Pierre Bourdieu’s (1972) discussion of the theory of practice builds on the discussions of Bell and Williams and offers a compelling logic for the acceptance of culture as a systemic social construction based on a competition between ideational, actionable, and material elements within society. Culture as a definable idea, as it relates to the individual, is derived through social structures which are influenced by society’s overlapping sub-systems. Culture might thus be best defined as a non-uniform series of complex and evolving social relationships.
To repeat: communication and culture are inseparable. In the U.A.E., the issue is at what stage are these relationships in their developmental cycle? These relationships might be more easily described as a series of overlapping individual, familial, societal, and global assumptions fostered through a complex communication environment. The inner circle is the self or self-concept. The self-concept is the most contentious, resistant, and difficult to change — but it is precisely that self-concept which a communication literacy program attempts to impact.
The Zayed University Program Model
On a university level, the Zayed University Program Model attempts to alter the self-concept of a student by working on the communication competencies inherent in the constructs of critical thinking, leadership, globalization, teamwork, information literacy, and technology.
While the self-concept is core, family, group, and national and international thought structures are informing that self. These structures involve the values,beliefs, attitudes, and opinions of all components of the system. Complexity exists upon complexity. As we develop a program for communication literacy, an issue which we as educators need to consider, and as suggested by Christ, is not only how broadly should media literacy be conceptualized, but also from whose ideological and paradigmatic foundations should it be considered? If communication literacy/media literacy is to be considered as the development of skills and the acquisition of knowledge structures which lead to the cultivation of the critical thought process, do we not also need to consider which knowledge structures are being cultivated? What this question leads us to is the fundamental debate within curriculum development between advocates of skills training and advocates of a liberal education.
Any communication literacy program must of necessity view the self as a central cultural construct.
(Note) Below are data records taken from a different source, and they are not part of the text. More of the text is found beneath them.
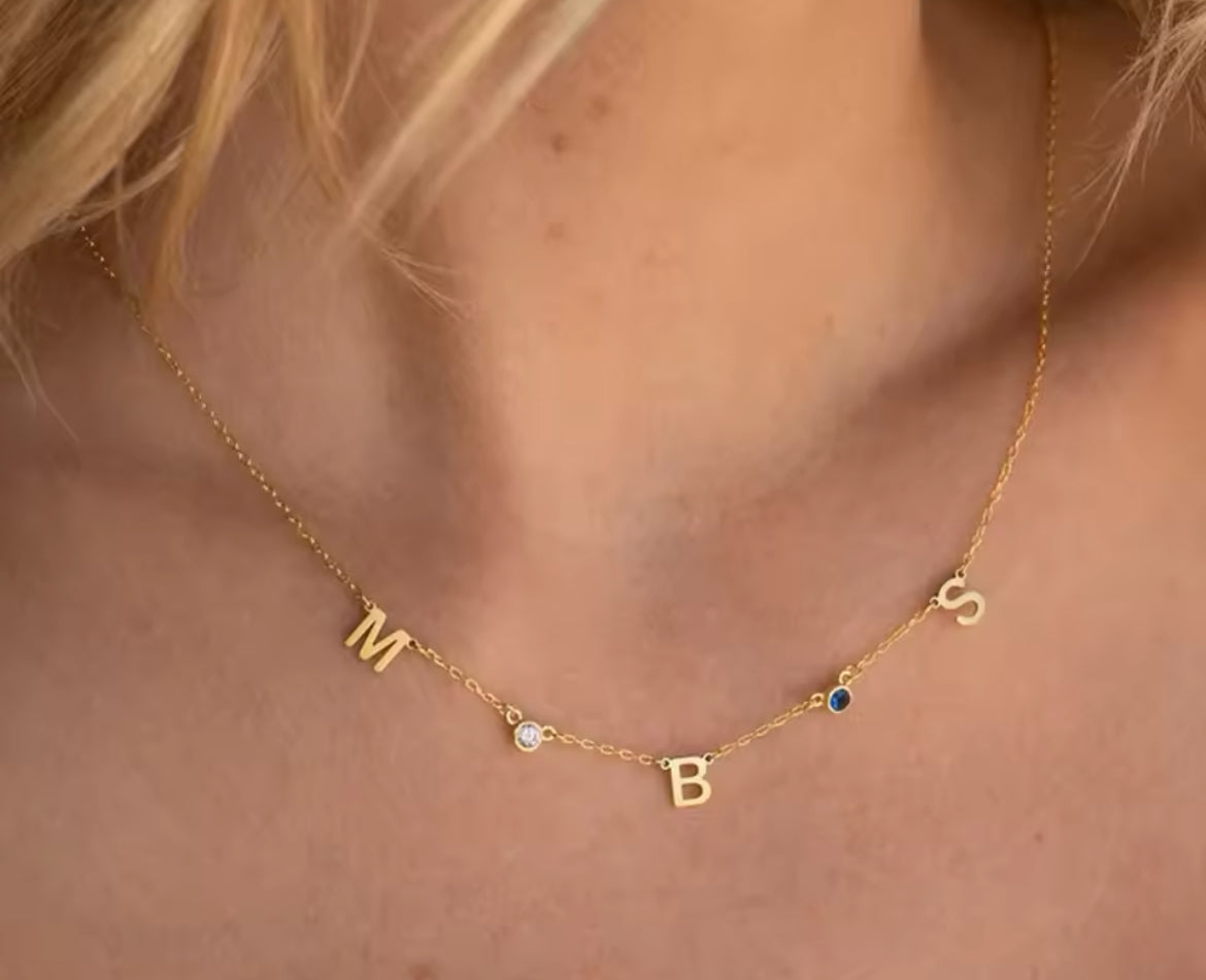 Enhance your style with a personalised touch by wearing our custom letter necklace, featuring 3 letters & your choice of birthstone
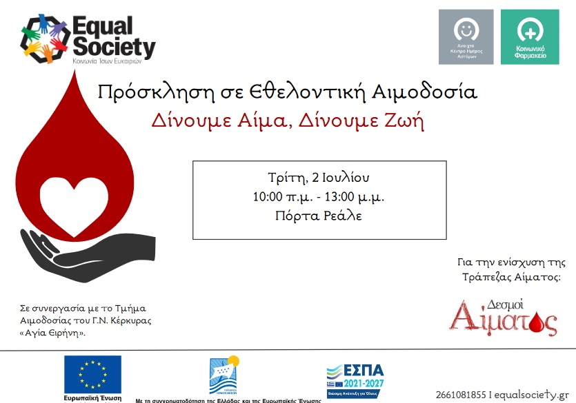Ο Οργανισμός Equal Society, όπως πάντα παρών, σε δράσεις αλληλεγγύης απευθύνει έκκληση να σταθείτε στο πλευρό του στην εθελοντική αιμοδοσία που διοργανώνει στις 2 Ιουλίου μαζί με το Τμήμα Αιμοδοσίας του Γ.Ν. Κέρκυρας «Αγία Ειρήνη».
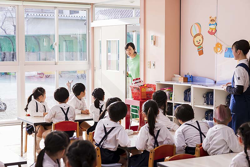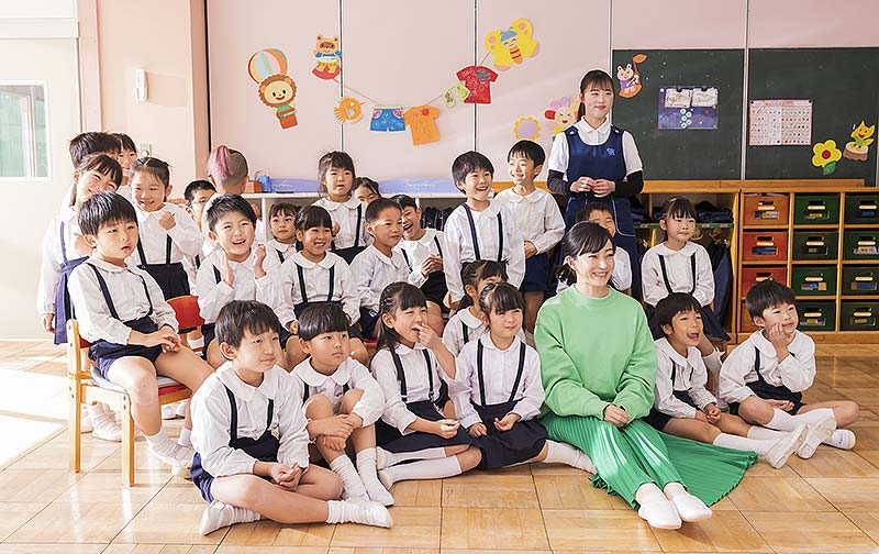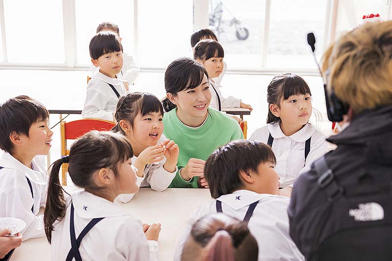 「よろしくおねがいしまーす!!!」と元気いっぱいな園児たちに迎えられた菅野美穂は、「みんなすごーい、立派!」と思わず拍手。
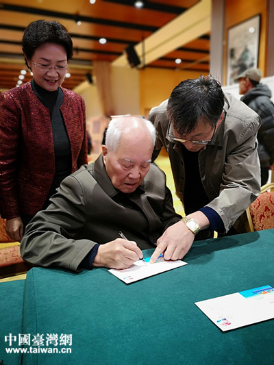 鄭堅在兩岸通郵十周年紀(jì)念郵票和郵封簽字留念。(中國臺灣網(wǎng) 郜利敏 攝)
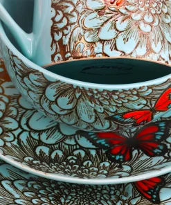 Elama’s Butterfly Garden 16 piece Dinnerware set will be the focal point of your next gathering. Bright blue set with hues of gold and Monarch butterflies can be used for every day meals and special occasions. Bring this beautiful set home today! Constructed of Stoneware material, this set is Microwave and Dishwasher safe.This Set includes: Four 10.5 in. Dinner Plates, Four 8 in. Salad Plates, Four 6 in. Bowls and Four 11 oz. Mugs

According to Albermann and Hagood (2000) what we increasingly see taking place today is “trans-media inter-textuality.” We are suggesting that this inter-textuality is taking place not only at the level of the media but also at the very foundational level of education about the media through the educational process itself — a process which is oblivious to the issues of habitus involved in the larger socialization process and understanding of the media itself. As Joshua Meyrowitz (1998) suggests, we need to be aware of the multiple media literacies, and by association multiple ecologies, that feed into an understanding of the media. At the same time, we must be aware of the macro and micro issues that are inherently involved. It is more likely that the issues being worked through with respect to media education in the U.A.E. are being bogged down here. They may be your media — but they are my literacies.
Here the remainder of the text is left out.